---------- SUPPLIED INFORMATION ----------

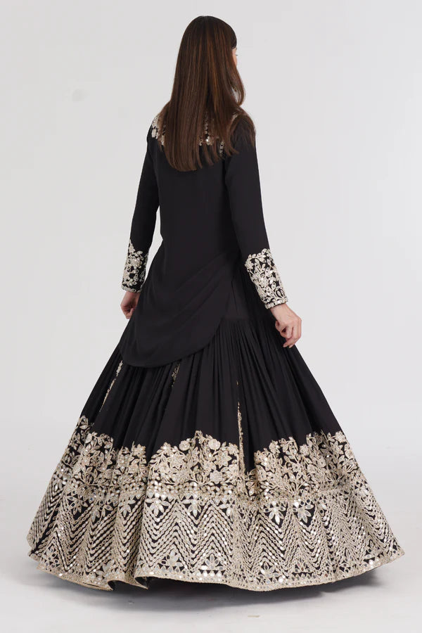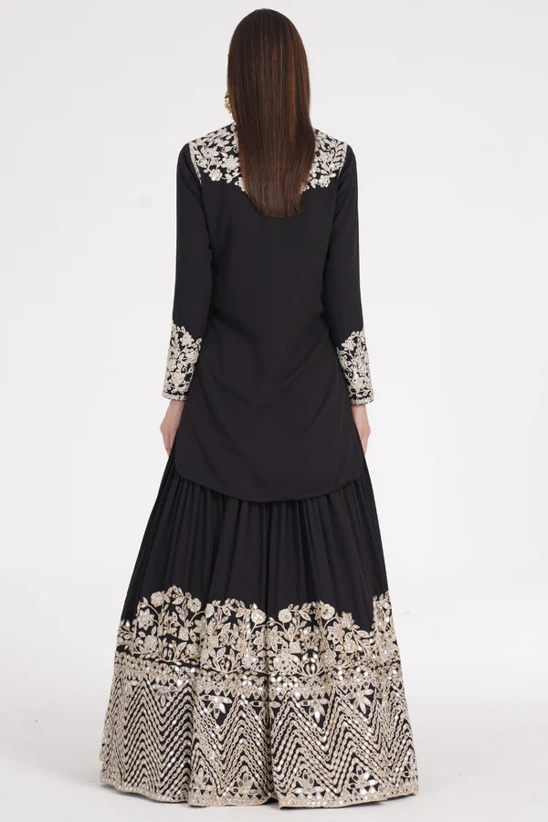 Fabric Description:- Shirt- special black georgette , skirt- black georgette
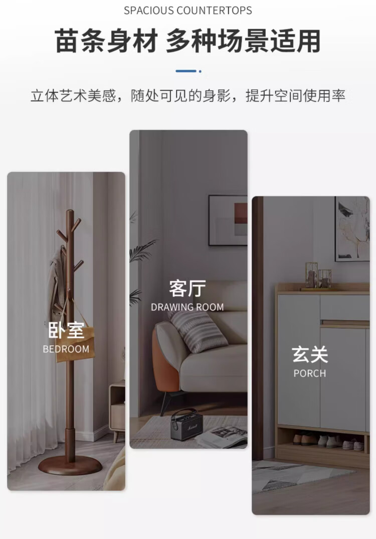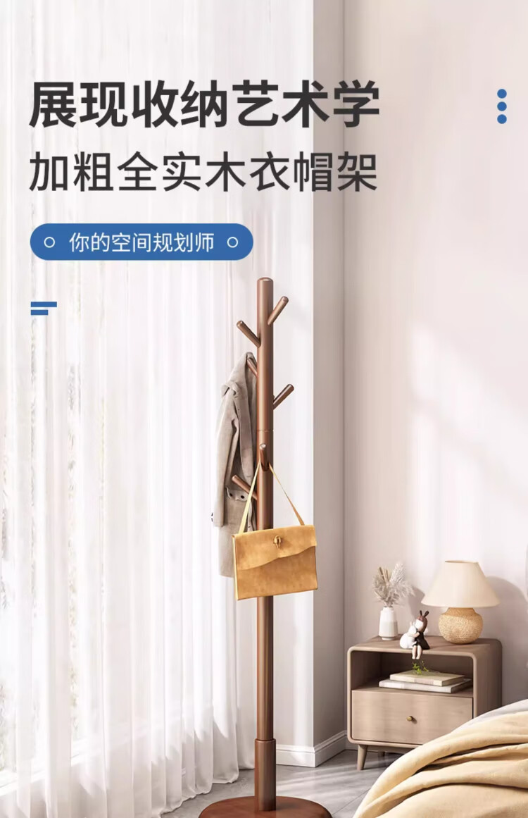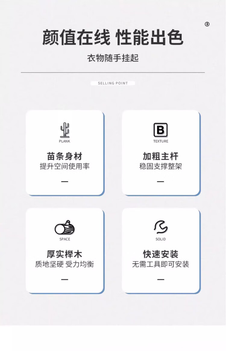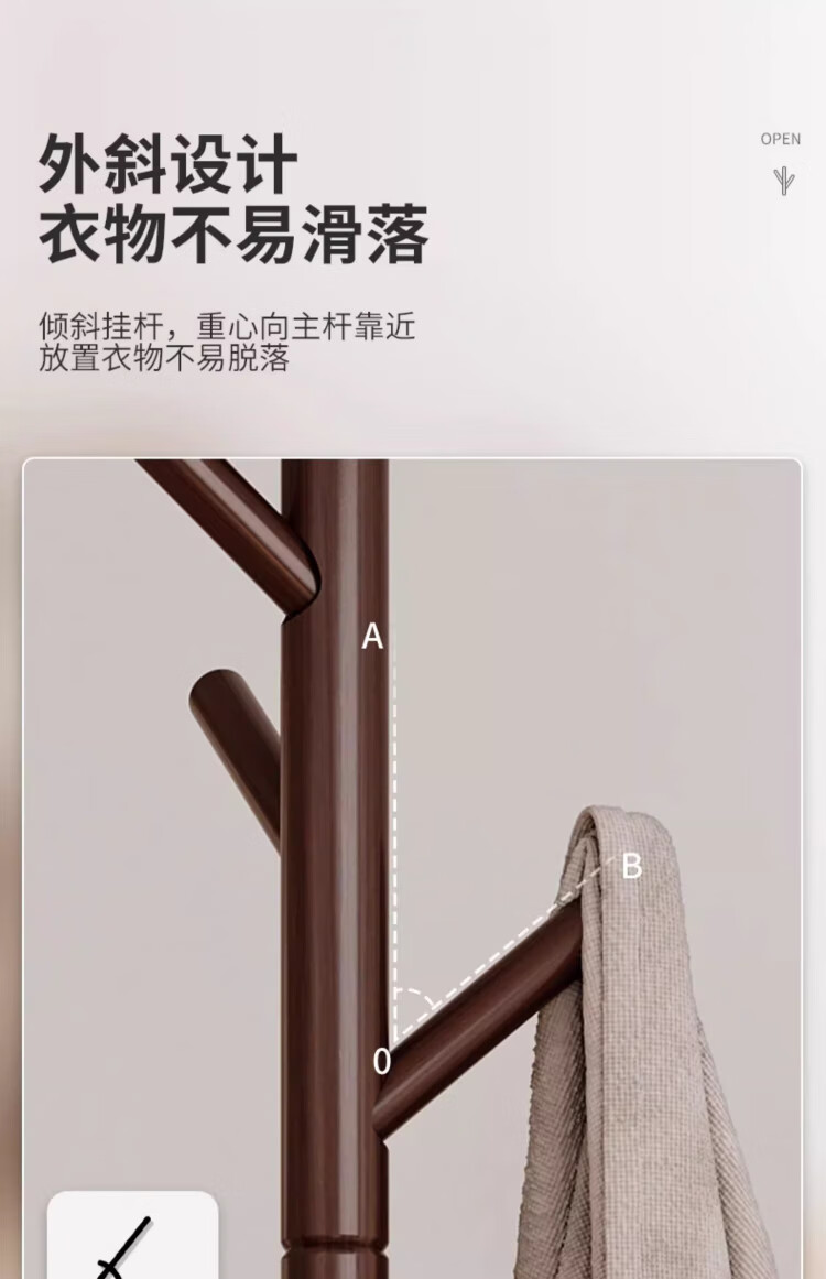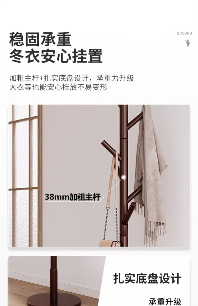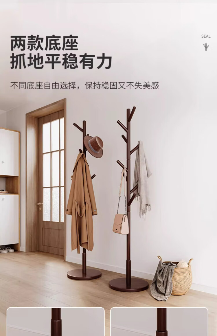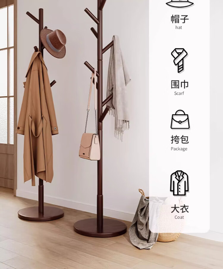 Quanpinwu beech solid wood coat rack floor-standing bedroom office clothes rack simple clothes hanger simple multi-hook clothes rack
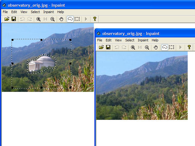 Inpaint rekonstruuje vybranou oblast obrázku z pixelů v blízkosti místa hranice. Inpaint mohou být použity k odstranění nežádoucích objektů z fotografií. Odstranit všechny nežádoucí objekty z vašich fotografií, jako je extra výkon-line, lidé, text ... Program bude automaticky inpaint vybranou oblast vymazat to.
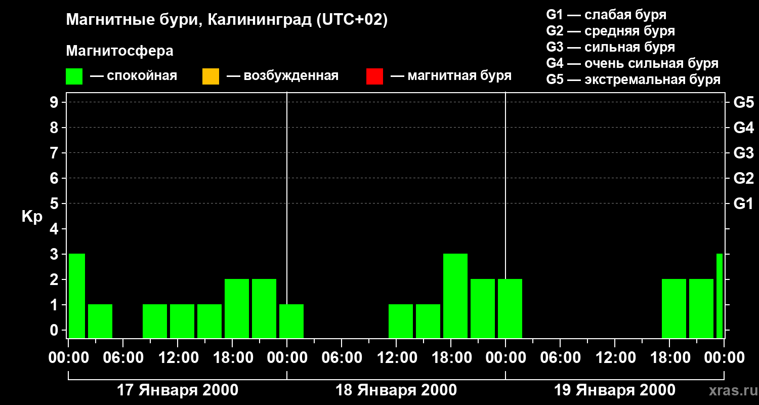 Изменения геомагнитного индекса Kp с 17 по 19 января 2000 года для средних широт
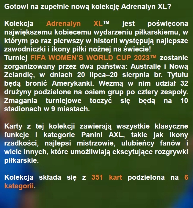 ⭐Коллекция Adrenalyn XL™ посвящена крупнейшему событию женского футбола, в котором впервые в истории участвуют лучшие игроки и футбольные легенды мира! Турнир FIFA WOMEN'S WORLD CUP 2023™ будет организован двумя странами: Австралией и Новой Зеландией с 20 июля по 20 августа этого года. Титул будут защищать американцы. В нем примут участие 32 команды, разделенные на восемь групп по четыре команды. Турнир пройдет на 10 стадионах в 9 городах. Карты в этой коллекции включают в себя все классические функции и категории Panini AXL, такие как значки редкости, лучшие чемпионы, фавориты фанатов и многое другое, что обеспечивает захватывающий футбольный игровой процесс. Коллекция состоит из 351 карты, разделенной на 6 категорий. В стартовый набор Mega входят: коллекционный альбом, 3 пакетика для карточек, 3 карточки ограниченного выпуска и руководство по коллекции (на английском языке).
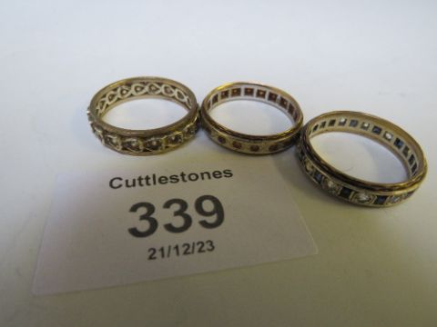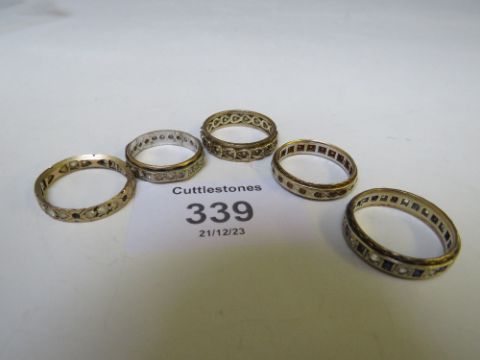 FIVE 9CT GOLD VINTAGE ETERNITY RINGS, APPROX W 14.4 G
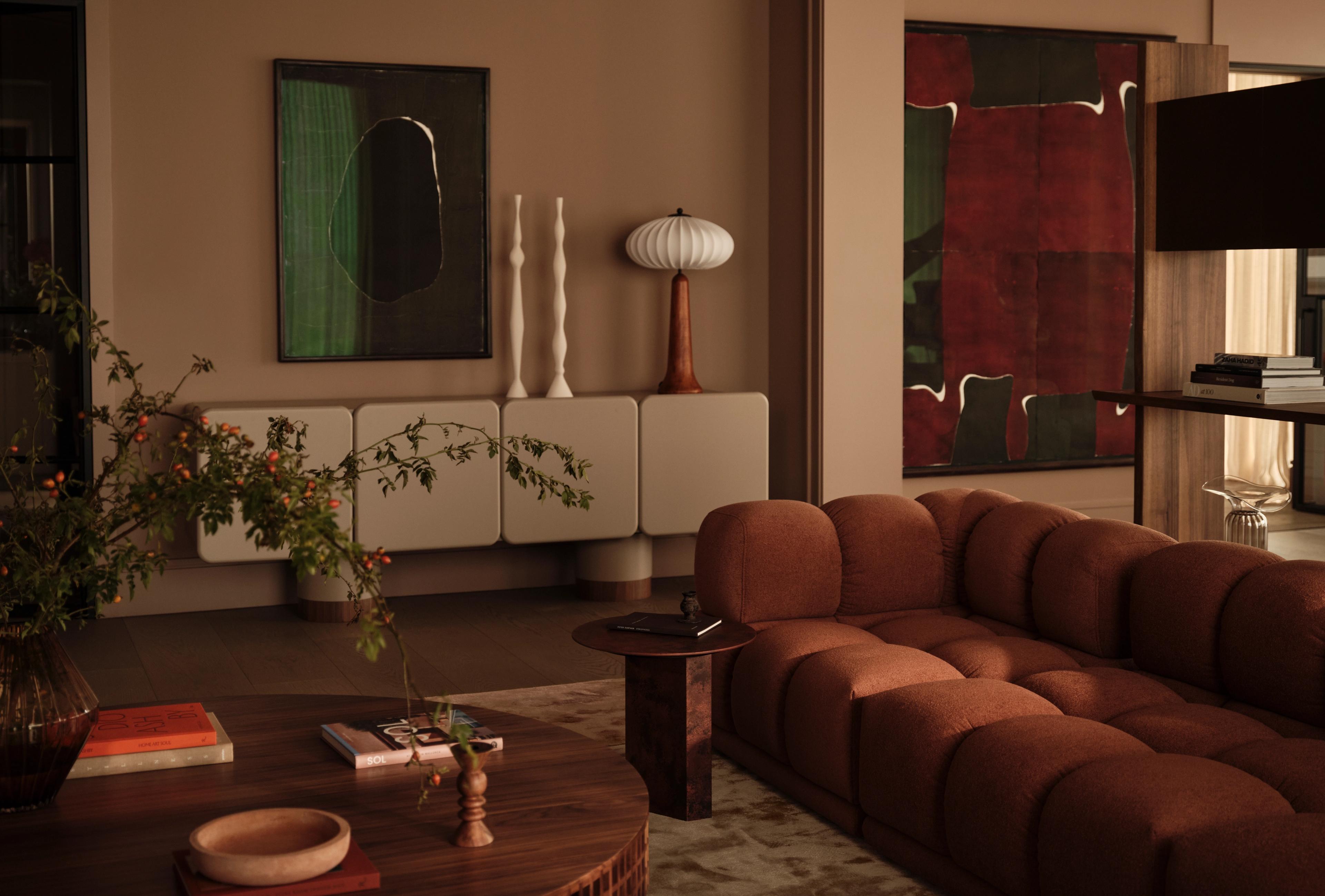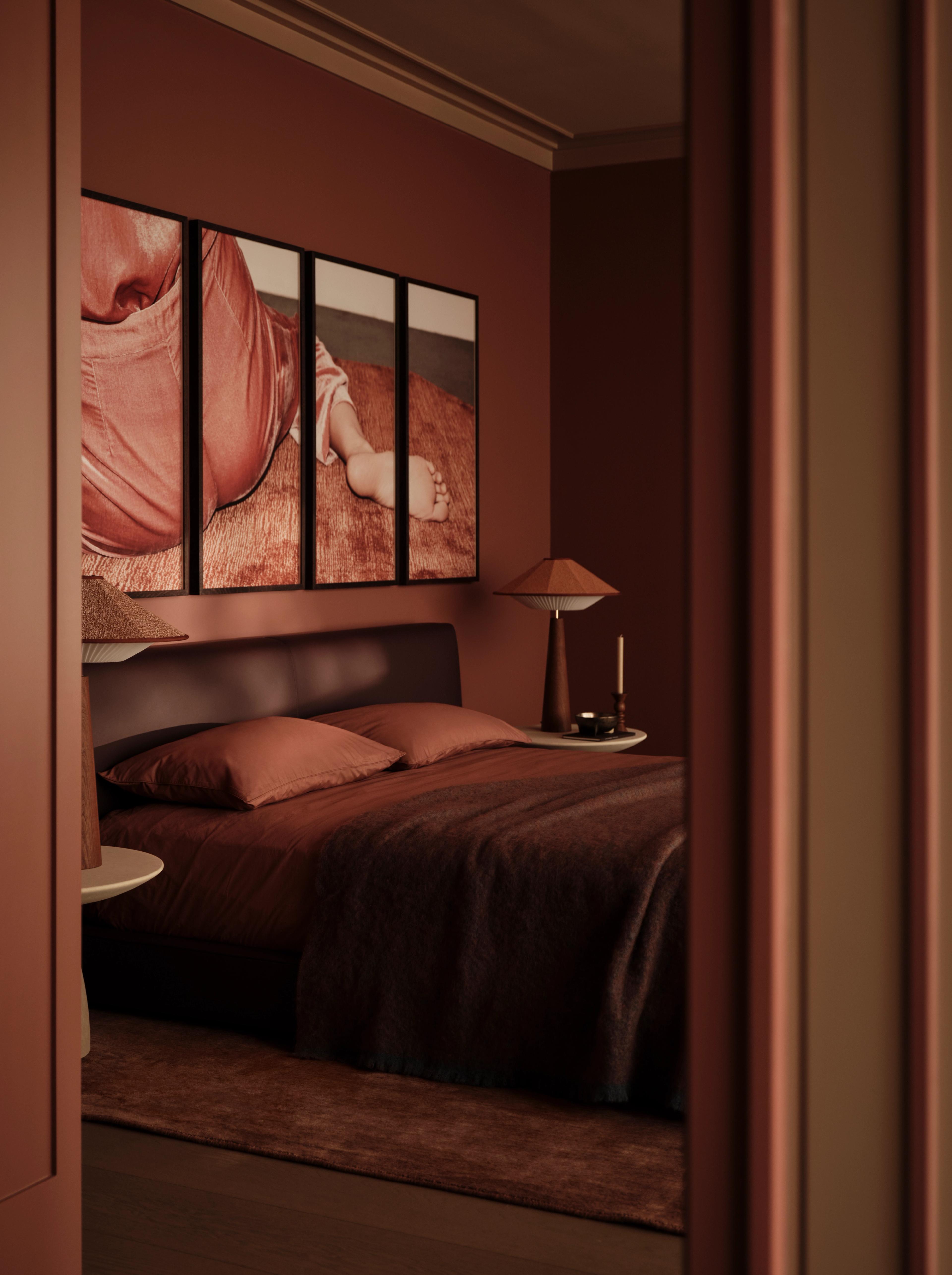 Inspirándose en los colores cambiantes del cielo y la luz siempre cambiante de la ciudad, la paleta fluye sin esfuerzo de una habitación a otra. Las paredes y los techos en tonos cálidos y terrosos crean cohesión y calma, mientras que los muebles escultóricos y la iluminación aportan dramatismo y escala. Maderas ricas, suaves bouclés y acabados artesanales de Artemest reflejan tanto la autenticidad como el refinamiento contemporáneo, suavizados con tonos rosados y siluetas orgánicas. La luz natural se aprovecha en todo el espacio, animando las superficies y profundizando la conexión con el horizonte.

----------

* WHAT TO WORK ON: The required result is an exact copy of the lines from the line containing "FIVE 9CT GOLD" through the end of the entries, with every picture left out.

* RESPONSE:
 FIVE 9CT GOLD VINTAGE ETERNITY RINGS, APPROX W 14.4 G
 Inspirándose en los colores cambiantes del cielo y la luz siempre cambiante de la ciudad, la paleta fluye sin esfuerzo de una habitación a otra. Las paredes y los techos en tonos cálidos y terrosos crean cohesión y calma, mientras que los muebles escultóricos y la iluminación aportan dramatismo y escala. Maderas ricas, suaves bouclés y acabados artesanales de Artemest reflejan tanto la autenticidad como el refinamiento contemporáneo, suavizados con tonos rosados y siluetas orgánicas. La luz natural se aprovecha en todo el espacio, animando las superficies y profundizando la conexión con el horizonte.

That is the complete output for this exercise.